AIM OF THE TASK: Would you repeat the whole listing exactly, pictures excluded?
[DATASET CONTENT — start]
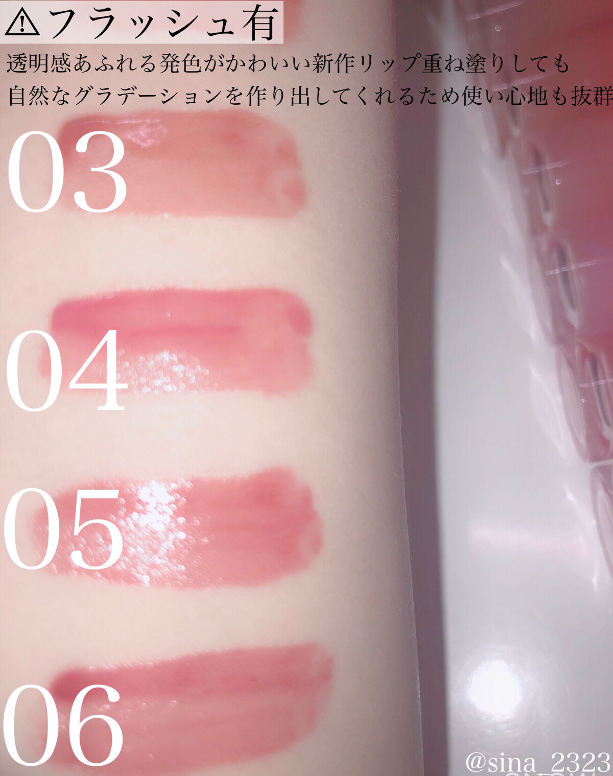 - <01 BEST BEIGE MENU(推し杏子ベージュ)> 水、ジフェニルジメチコン、リンゴ酸ジイソステアリル、ビスジグリセリルボリアシルアジペート-2、水添ポリイソブテン、ダイマー ジリノール酸ダイマージリノレイルビス(ベヘニル/イソステアリル/フィトステリル)、ジグリセリン、セチルPEG/PPG-10/1ジメチコン、DPG、水添ポリ (C6-14 オレフィン)、ポリソルベート60、イソステアリン酸ソルビタン、ダイマージリノール酸ジイソステアリン酸ポリ グリセリル-3、ペンチレングリコール、(アクリル酸ヒドロキシエチル/アクリロイルジメチルタウリンNa)コポリマー、トリ(カプリル酸/ カプリン酸)グリセリル、スクワラン、セテアレス-20、(エチレン/プロピレン)コポリマー、フェノキシエタノール、グリセリン、ポリグリ セリン-3、香料、エチルヘキシルグリセリン、ハマメリス葉エキス、オニユリエキス、BG、酸化チタン、黄5、赤227、赤104(1)、青1 <02 CORAL INFLUENCER(イエベ必須コーラル)> 水、ジフェニルジメチコン、リンゴ酸ジイソステアリル、ビスジグリセリルボリアシルアジペート-2、水添ポリイソブテン、ダイマー ジリノール酸ダイマージリノレイルビス(ベヘニル/イソステアリル/フィトステリル)、ジグリセリン、セチルPEG/PPG-10/1ジメチコン、DPG、水添ポリ (C6-14 オレフィン)、ポリソルベート60、イソステアリン酸ソルビタン、ダイマージリノール酸ジイソステアリン酸ポリ グリセリル-3、ペンチレングリコール、(アクリル酸ヒドロキシエチル/アクリロイルジメチルタウリンNa)コポリマー、トリ(カプリル酸/ カプリン酸)グリセリル、スクワラン、セテアレス-20、(エチレン/プロピレン)コポリマー、フェノキシエタノール、グリセリン、ポリグリ セリン-3、香料、エチルヘキシルグリセリン、ハマメリス葉エキス、オニユリエキス、BG、酸化チタン、黄5、赤227、赤104(1)、青1 <03 ROSE IN MIND(いいねローズ)> 水、ジフェニルジメチコン、リンゴ酸ジイソステアリル、ビスジグリセリルポリアシルアジペート-2、水添ポリイソブテン、ダイマージリノール酸ダイマージリノレイルビス(ベヘニル/イソステアリル/フィトステリル)、ジグリセリン、DPG、セチルPEG/PPG-10/1ジメチコン、水添ポリデセン、ポリソルベート60、イソステアリン酸ソルビタン、ダイマージリノール酸ジイソステアリン酸ポリグリセリル-3、ペンチレングリコール、(アクリル酸ヒドロキシエチル/アクリロイルジメチルタウリンNa)コポリマー、トリ(カプリル酸/カプリン酸)グリセリル、スクワラン、セテアレス-20、(エチレン/プロピレン)コポリマー、フェノキシエタノール、グリセリン、香料、エチルヘキシルグリセリン、ハマメリス葉エキス、オニユリエキス、BG、テトラ(ジ-t-ブチルヒドロキシヒドロケイヒ酸)ペンタエリスリチル、酸化チタン、黄5、赤104(1)、赤227、青1 <04 PINK YOUTH(ベイビー天使)> 水、ジフェニルジメチコン、リンゴ酸ジイソステアリル、ビスジグリセリルボリアシルアジペート-2、水添ポリイソブテン、ダイマー ジリノール酸ダイマージリノレイルビス(ベヘニル/イソステアリル/フィトステリル)、ジグリセリン、セチルPEG/PPG-10/1ジメチコン、DPG、水添ポリ (C6-14オレフィン)、ポリソルベート60、イソステアリン酸ソルビタン、ダイマージリノール酸ジイソステアリン酸ポリ グリセリル-3、ペンチレングリコール、(アクリル酸ヒドロキシエチル/アクリロイルジメチルタウリンNa)コポリマー、トリ(カプリル酸/ カプリン酸)グリセリル、スクワラン、セテアレス-20、(エチレン/プロピレン)コポリマー、フェノキシエタノール、ポリグリセリン-3、香料、エチルヘキシルグリセリン、グリセリン、水酸化Al、ポリアクリル酸アンモニウム、BG、ハマメリス葉エキス、オニユリエキス、酸化チタン、赤227、黄4、赤104 (1) 黄5、青1 <05 CHERRY SO WHAT(どうしたのチェリー)> 水、ジフェニルジメチコン、リンゴ酸ジイソステアリル、ビスジグリセリルポリアシルアジペート-2、水添ポリイソブテン、ダイマージリノール酸ダイマージリノレイルビス(ベヘニル/イソステアリル/フィトステリル)、ジグリセリン、セチルPEG/PPG-10/1ジメチコン、DPG、水添ポリ(C6-14オレフィン)、ポリソルベート60、イソステアリン酸ソルビタン、ダイマージリノール酸ジイソステアリン酸ポリグリセリル-3、ペンチレングリコール、(アクリル酸ヒドロキシエチル/アクリロイルジメチルタウリンNa)コポリマー、トリ(カプリル酸/カプリン酸)グリセリル、スクワラン、セテアレス-20、(エチレン/プロピレン)コポリマー、フェノキシエタノール、ポリグリセリン-3、香料、エチルヘキシルグリセリン、グリセリン、ハマメリス葉エキス、オニユリエキス、BG、赤227、黄4、赤104(1)、黄5、青1 <06 PLUM UPDATE(プロフ写プラム)> 水、ジフェニルジメチコン、リンゴ酸ジイソステアリル、ビスジグリセリルポリアシルアジペート-2、水添ポリイソブテン、ダイマー ジリノール酸ダイマージリノレイルビス(ベヘニル/イソステアリル/フィトステリル)、
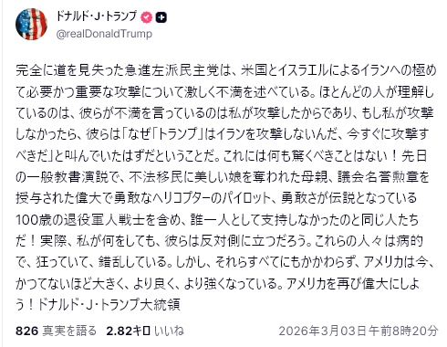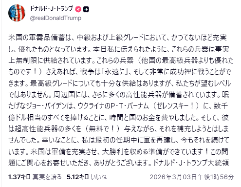 3/2、ピート・ヘグゼス戦争長官はイラン問題に関する立場を表明し、攻撃と撤退という新たな戦争原則を明確に示した。「愚かな交戦規則はなし(これは国連や英国などの同盟国が協議した法的手続きを直接否定するものだ)、国家再建もしない、民主主義の輸出もしない…我々は勝利のために戦う。時間を無駄にするためでも、命を無駄にするためでもない。」— トランプは、イランの現政権を破壊し、イラン国民に引き渡すと述べたが、多くの人々は未だに彼の意図を理解していない。
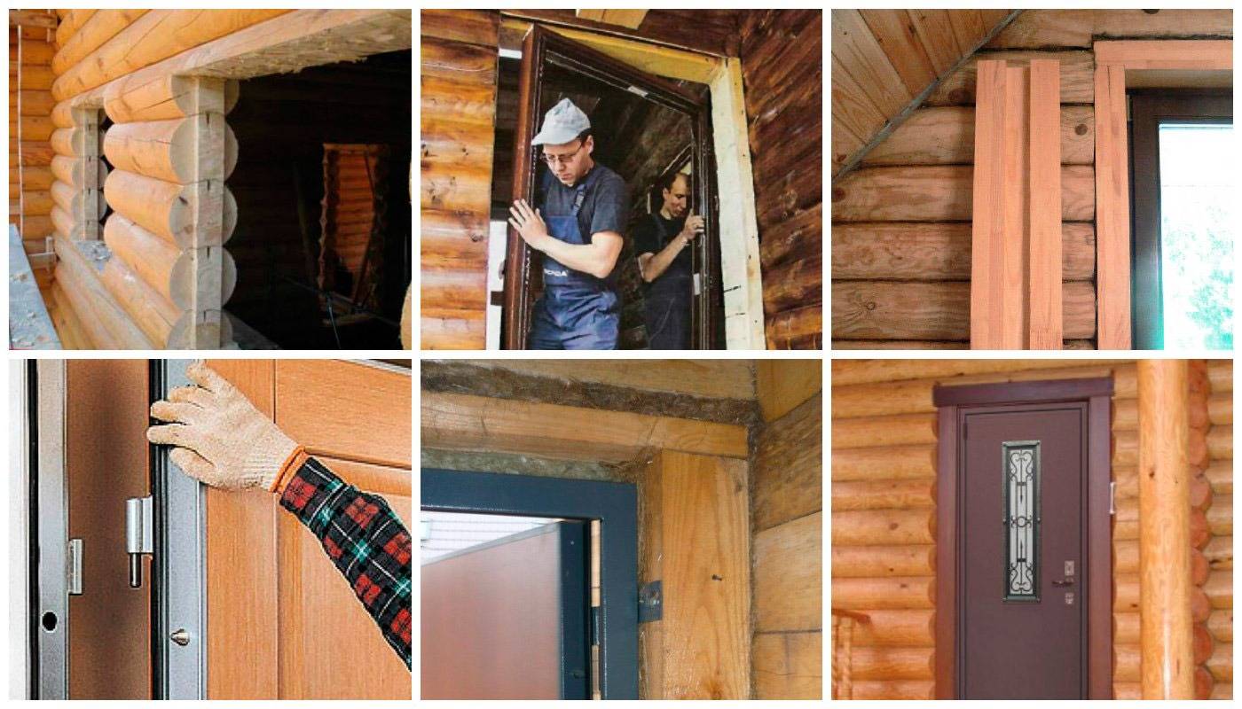 В любом случае установить дверь в бревенчатом доме можно только через год после его постройки, когда завершится самый активный этап усадки.
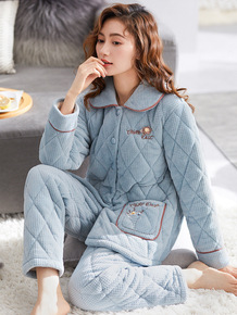 睡衣女冬珊瑚绒三层夹棉加厚保暖加绒棉袄法兰绒可外穿...
[DATASET CONTENT — finish]
RESULT BELOW:
 - <01 BEST BEIGE MENU(推し杏子ベージュ)> 水、ジフェニルジメチコン、リンゴ酸ジイソステアリル、ビスジグリセリルボリアシルアジペート-2、水添ポリイソブテン、ダイマー ジリノール酸ダイマージリノレイルビス(ベヘニル/イソステアリル/フィトステリル)、ジグリセリン、セチルPEG/PPG-10/1ジメチコン、DPG、水添ポリ (C6-14 オレフィン)、ポリソルベート60、イソステアリン酸ソルビタン、ダイマージリノール酸ジイソステアリン酸ポリ グリセリル-3、ペンチレングリコール、(アクリル酸ヒドロキシエチル/アクリロイルジメチルタウリンNa)コポリマー、トリ(カプリル酸/ カプリン酸)グリセリル、スクワラン、セテアレス-20、(エチレン/プロピレン)コポリマー、フェノキシエタノール、グリセリン、ポリグリ セリン-3、香料、エチルヘキシルグリセリン、ハマメリス葉エキス、オニユリエキス、BG、酸化チタン、黄5、赤227、赤104(1)、青1 <02 CORAL INFLUENCER(イエベ必須コーラル)> 水、ジフェニルジメチコン、リンゴ酸ジイソステアリル、ビスジグリセリルボリアシルアジペート-2、水添ポリイソブテン、ダイマー ジリノール酸ダイマージリノレイルビス(ベヘニル/イソステアリル/フィトステリル)、ジグリセリン、セチルPEG/PPG-10/1ジメチコン、DPG、水添ポリ (C6-14 オレフィン)、ポリソルベート60、イソステアリン酸ソルビタン、ダイマージリノール酸ジイソステアリン酸ポリ グリセリル-3、ペンチレングリコール、(アクリル酸ヒドロキシエチル/アクリロイルジメチルタウリンNa)コポリマー、トリ(カプリル酸/ カプリン酸)グリセリル、スクワラン、セテアレス-20、(エチレン/プロピレン)コポリマー、フェノキシエタノール、グリセリン、ポリグリ セリン-3、香料、エチルヘキシルグリセリン、ハマメリス葉エキス、オニユリエキス、BG、酸化チタン、黄5、赤227、赤104(1)、青1 <03 ROSE IN MIND(いいねローズ)> 水、ジフェニルジメチコン、リンゴ酸ジイソステアリル、ビスジグリセリルポリアシルアジペート-2、水添ポリイソブテン、ダイマージリノール酸ダイマージリノレイルビス(ベヘニル/イソステアリル/フィトステリル)、ジグリセリン、DPG、セチルPEG/PPG-10/1ジメチコン、水添ポリデセン、ポリソルベート60、イソステアリン酸ソルビタン、ダイマージリノール酸ジイソステアリン酸ポリグリセリル-3、ペンチレングリコール、(アクリル酸ヒドロキシエチル/アクリロイルジメチルタウリンNa)コポリマー、トリ(カプリル酸/カプリン酸)グリセリル、スクワラン、セテアレス-20、(エチレン/プロピレン)コポリマー、フェノキシエタノール、グリセリン、香料、エチルヘキシルグリセリン、ハマメリス葉エキス、オニユリエキス、BG、テトラ(ジ-t-ブチルヒドロキシヒドロケイヒ酸)ペンタエリスリチル、酸化チタン、黄5、赤104(1)、赤227、青1 <04 PINK YOUTH(ベイビー天使)> 水、ジフェニルジメチコン、リンゴ酸ジイソステアリル、ビスジグリセリルボリアシルアジペート-2、水添ポリイソブテン、ダイマー ジリノール酸ダイマージリノレイルビス(ベヘニル/イソステアリル/フィトステリル)、ジグリセリン、セチルPEG/PPG-10/1ジメチコン、DPG、水添ポリ (C6-14オレフィン)、ポリソルベート60、イソステアリン酸ソルビタン、ダイマージリノール酸ジイソステアリン酸ポリ グリセリル-3、ペンチレングリコール、(アクリル酸ヒドロキシエチル/アクリロイルジメチルタウリンNa)コポリマー、トリ(カプリル酸/ カプリン酸)グリセリル、スクワラン、セテアレス-20、(エチレン/プロピレン)コポリマー、フェノキシエタノール、ポリグリセリン-3、香料、エチルヘキシルグリセリン、グリセリン、水酸化Al、ポリアクリル酸アンモニウム、BG、ハマメリス葉エキス、オニユリエキス、酸化チタン、赤227、黄4、赤104 (1) 黄5、青1 <05 CHERRY SO WHAT(どうしたのチェリー)> 水、ジフェニルジメチコン、リンゴ酸ジイソステアリル、ビスジグリセリルポリアシルアジペート-2、水添ポリイソブテン、ダイマージリノール酸ダイマージリノレイルビス(ベヘニル/イソステアリル/フィトステリル)、ジグリセリン、セチルPEG/PPG-10/1ジメチコン、DPG、水添ポリ(C6-14オレフィン)、ポリソルベート60、イソステアリン酸ソルビタン、ダイマージリノール酸ジイソステアリン酸ポリグリセリル-3、ペンチレングリコール、(アクリル酸ヒドロキシエチル/アクリロイルジメチルタウリンNa)コポリマー、トリ(カプリル酸/カプリン酸)グリセリル、スクワラン、セテアレス-20、(エチレン/プロピレン)コポリマー、フェノキシエタノール、ポリグリセリン-3、香料、エチルヘキシルグリセリン、グリセリン、ハマメリス葉エキス、オニユリエキス、BG、赤227、黄4、赤104(1)、黄5、青1 <06 PLUM UPDATE(プロフ写プラム)> 水、ジフェニルジメチコン、リンゴ酸ジイソステアリル、ビスジグリセリルポリアシルアジペート-2、水添ポリイソブテン、ダイマー ジリノール酸ダイマージリノレイルビス(ベヘニル/イソステアリル/フィトステリル)、
 3/2、ピート・ヘグゼス戦争長官はイラン問題に関する立場を表明し、攻撃と撤退という新たな戦争原則を明確に示した。「愚かな交戦規則はなし(これは国連や英国などの同盟国が協議した法的手続きを直接否定するものだ)、国家再建もしない、民主主義の輸出もしない…我々は勝利のために戦う。時間を無駄にするためでも、命を無駄にするためでもない。」— トランプは、イランの現政権を破壊し、イラン国民に引き渡すと述べたが、多くの人々は未だに彼の意図を理解していない。
 В любом случае установить дверь в бревенчатом доме можно только через год после его постройки, когда завершится самый активный этап усадки.
 睡衣女冬珊瑚绒三层夹棉加厚保暖加绒棉袄法兰绒可外穿...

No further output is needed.